The moment your objective grows a non-smooth piece — an L1 penalty, a TV term, the indicator of a constraint set — plain gradient descent starts to choke: either there’s no gradient at the kink, or each step blows the constraint.
The standard fix is the proximal operator, but the first time you meet it the vocabulary alone is intimidating: Moreau envelope, conjugate, ISTA, ADMM…
Here is what I want to convey first, before any of the technicalities:
Take a small step on the smooth part, then run a tiny quadratic-penalized optimization to pull yourself back into the structured region you actually want to live in.
Once you internalize that, ISTA, FISTA, and ADMM stop being three different algorithms and start looking like the same move dressed up differently. The rest of this article makes that picture rigorous.
What You Will Learn#
- Minimum convex-analysis toolkit: convex sets, convex functions, subgradients
- The proximal operator: definition, geometric intuition, four core properties
- Three closed-form proxes you will reach for daily: soft-threshold, projection, quadratic shrinkage
- The Moreau envelope: how it smooths a non-smooth function, and the gradient identity that drives ISTA
- ISTA: the smallest possible proximal-gradient algorithm
- FISTA: momentum acceleration to $O(1/k^2)$
- LASSO end-to-end: from theory to a clean Python implementation
- ADMM in one page, and how it relates to the prox-gradient family
- Common implementation traps: step-size, Lipschitz estimation, convergence checks
Prerequisites#
- Multivariable calculus (gradient, chain rule)
- Linear algebra basics (norms, inner products, eigenvalues)
- A bit of convex-optimisation common sense (gradient descent, strong convexity)
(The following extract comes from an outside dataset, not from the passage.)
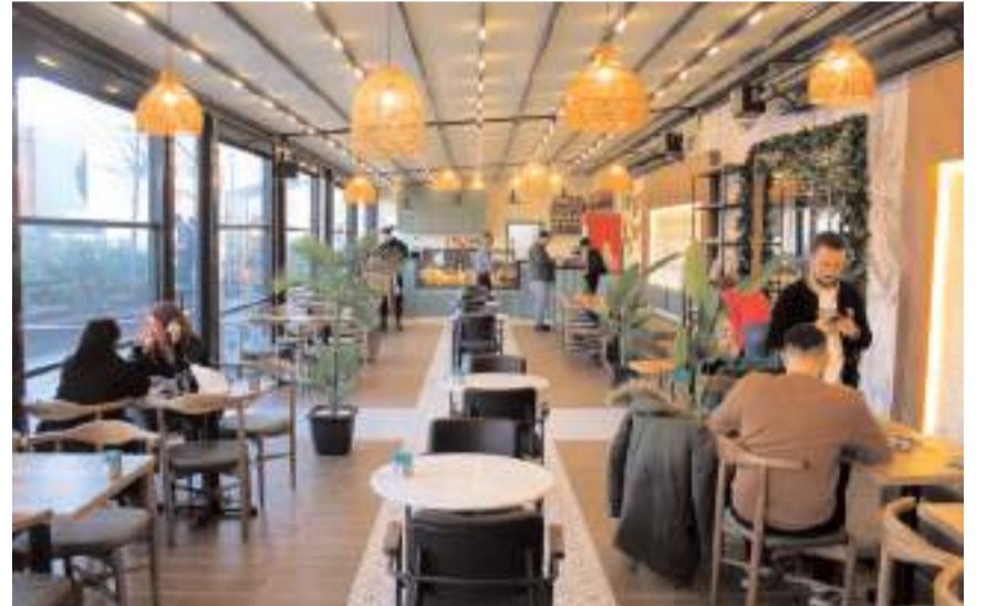
Şiir, kahve ve çikolatanın buluştuğu Lavinia Kafe, kahve ve çikolata severlerin yeni lezzet durağı.

Convex-Analysis Foundations#
Before getting to the prox we need to settle three pieces — convex sets, convex functions, subgradients. Every property that follows (non-expansiveness, closed-form solutions, convergence rates) rests on them.
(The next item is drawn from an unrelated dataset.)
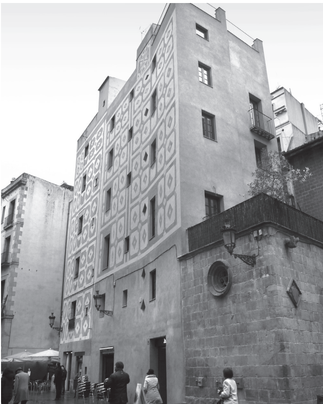
Figura 4. Edificio de la plaza Santa María, n. 7. Nótese la anómala curvatura de la fachada.

Convex sets and convex functions#
$$\theta x + (1 - \theta) y \in C.$$The line segment between any two points stays in $C$ .
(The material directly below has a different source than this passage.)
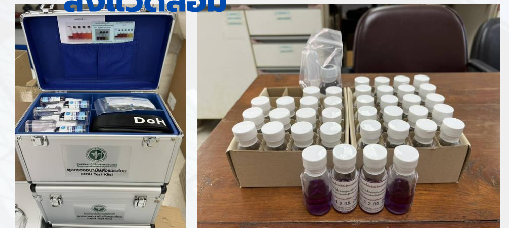
Environmental health Laboratory

$$f\!\left(\theta x + (1 - \theta) y\right) \le \theta f(x) + (1 - \theta) f(y).$$Geometrically, the chord above any two points sits above the function (“cup-shaped”).
Two facts to keep in your head:
- Local minimum is global minimum for a convex function.
- Supporting hyperplanes exist at every boundary point of a convex set, and at every point of a convex function — this is exactly where subgradients come from.
Subgradients#
A differentiable convex function has a unique gradient $\nabla f(x)$ everywhere. Functions like $|x|$ or hinge $\max(0, 1 - t)$ have kinks — no gradient at the kink. We need subgradients.
$$f(y) \ge f(x) + \langle g,\, y - x \rangle.$$That is, $g$ defines a supporting hyperplane lying below the graph of $f$ that touches $f$ at $x$ . The set of all such $g$ is the subdifferential $\partial f(x)$ .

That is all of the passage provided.